→ **What you should do**
I'd like the entries repeated exactly, without their pictures.

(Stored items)
-.-.-
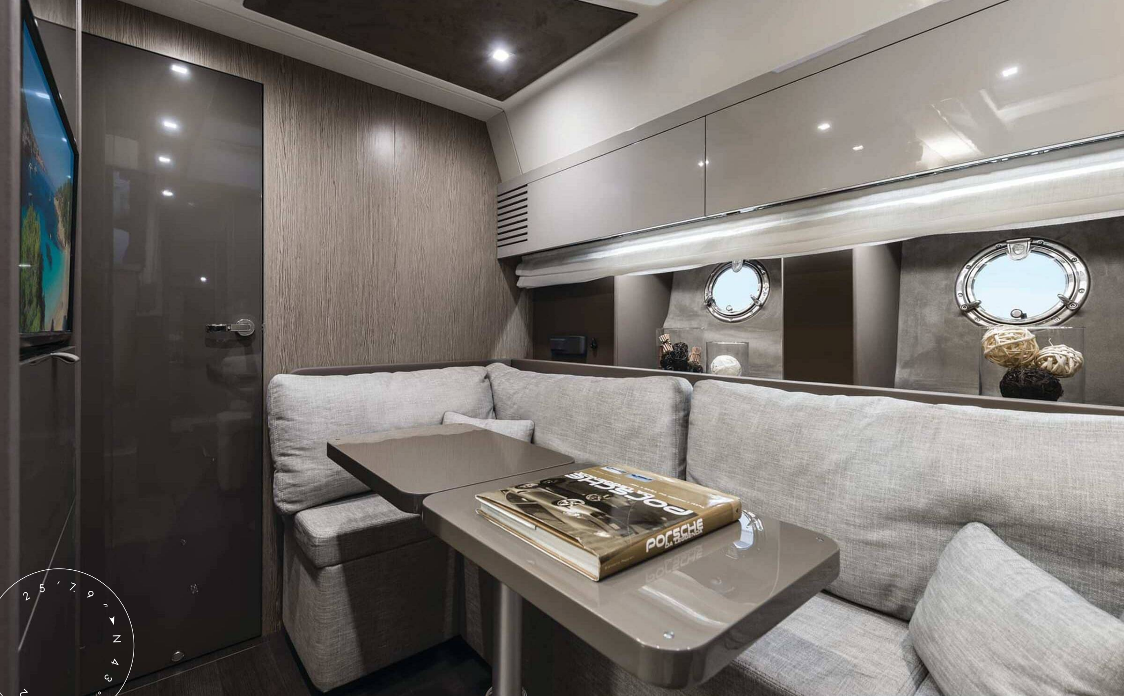
LOWER DECK LOBBY
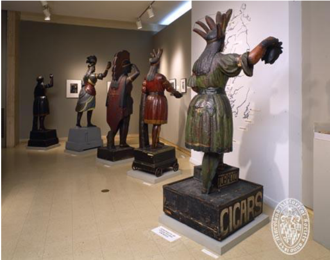
Figure 1.1 Fred Wilson, Mining the Museum , 1992-93, installation, Maryland Historical Society.
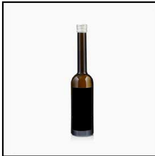
Extra Virgin Olive Oil Chamomile 500 ml/250ml
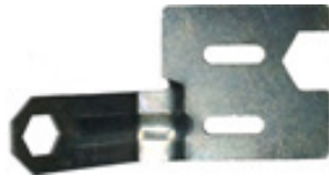
704 ALIGNER / WRENCH
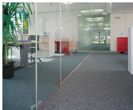
Planet KG-U application in an office building
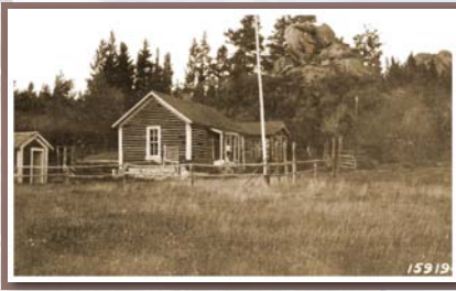
South Pass Ranger Station, 1921. Is this still there..if not, where was it located?

This pass played an important role in western expansion. First noted by William Hunt's expedition (1811) to Astoria, Oregon, it was rediscovered 12 years later by the Smith-Ashley fur trapping convoy. Used sparsely before the discovery of gold in California (1848) by 1868 over half a million had crossed South Pass on the Oregon Trail heading westward in search of gold or lands to homestead.
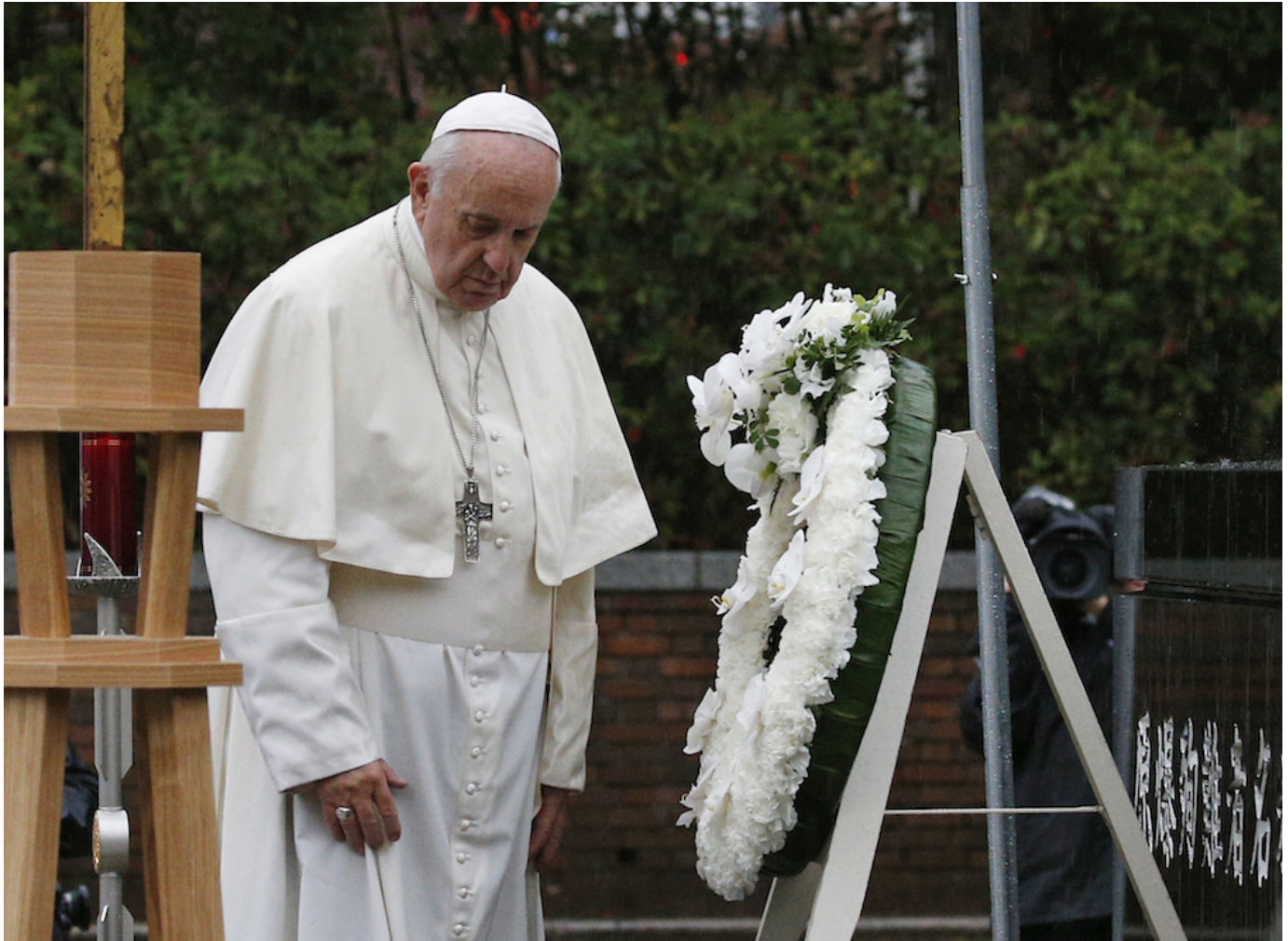
Pope Francis finishes praying at the Atomic Bomb Hypocenter Park in Nagasaki, Japan, Nov. 24.

Thinking that developing, stockpiling and modernizing nuclear weapons is a deterrent to war provides only a "false sense of security," the pope said. What is more, it feeds fear and mistrust, which hinder dialogue.
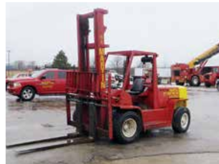
Hyster H135XL 13500 Lb
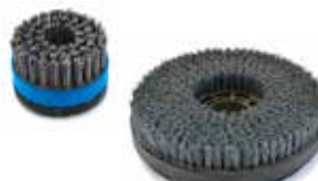
ANTIKE BRUSH SERIES to produce an antique look on stone floors.
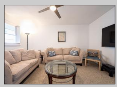
21 Monroe Margate, NJ 08402
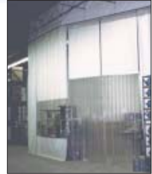
Temperature control in shipping area.

Based on our many years of experience we have developed unique hardware and mounting methods to address difficult applications thus reducing installation cost. Our PVC strips are easy to install with our unique galvanized pre-studded mounting hardware.
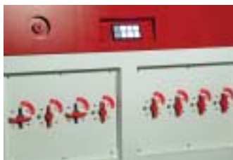
Switches to activate either of the 8 vacuum compartments
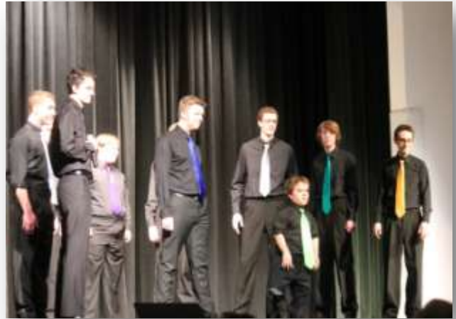
The Boys of Show Choir
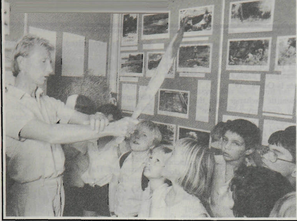
School children see an Aboriginal display in the Kemira Room of the Union Building
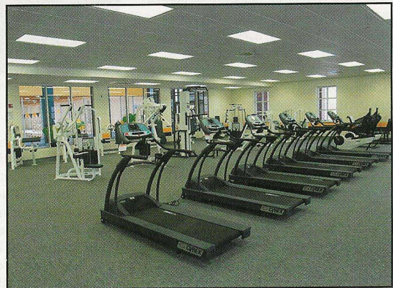
LOCATED LEFT OF THE LOBBY, THE FITNESS ROOM HOUSES A VARIETY OF CARDIO AND STRENGTH-TRAINING EQUIPMENT, A FREE-WEIGHT AREA AND A SMALL OFFICE.
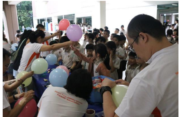
Eagerly waiting to receive their balloons
-.-.-
→ **Finished exercise**
LOWER DECK LOBBY
Figure 1.1 Fred Wilson, Mining the Museum , 1992-93, installation, Maryland Historical Society.
Extra Virgin Olive Oil Chamomile 500 ml/250ml
704 ALIGNER / WRENCH
Planet KG-U application in an office building
South Pass Ranger Station, 1921. Is this still there..if not, where was it located?

This pass played an important role in western expansion. First noted by William Hunt's expedition (1811) to Astoria, Oregon, it was rediscovered 12 years later by the Smith-Ashley fur trapping convoy. Used sparsely before the discovery of gold in California (1848) by 1868 over half a million had crossed South Pass on the Oregon Trail heading westward in search of gold or lands to homestead.
Pope Francis finishes praying at the Atomic Bomb Hypocenter Park in Nagasaki, Japan, Nov. 24.

Thinking that developing, stockpiling and modernizing nuclear weapons is a deterrent to war provides only a "false sense of security," the pope said. What is more, it feeds fear and mistrust, which hinder dialogue.
Hyster H135XL 13500 Lb
ANTIKE BRUSH SERIES to produce an antique look on stone floors.
21 Monroe Margate, NJ 08402
Temperature control in shipping area.

Based on our many years of experience we have developed unique hardware and mounting methods to address difficult applications thus reducing installation cost. Our PVC strips are easy to install with our unique galvanized pre-studded mounting hardware.
Switches to activate either of the 8 vacuum compartments
The Boys of Show Choir
School children see an Aboriginal display in the Kemira Room of the Union Building
LOCATED LEFT OF THE LOBBY, THE FITNESS ROOM HOUSES A VARIETY OF CARDIO AND STRENGTH-TRAINING EQUIPMENT, A FREE-WEIGHT AREA AND A SMALL OFFICE.
Eagerly waiting to receive their balloons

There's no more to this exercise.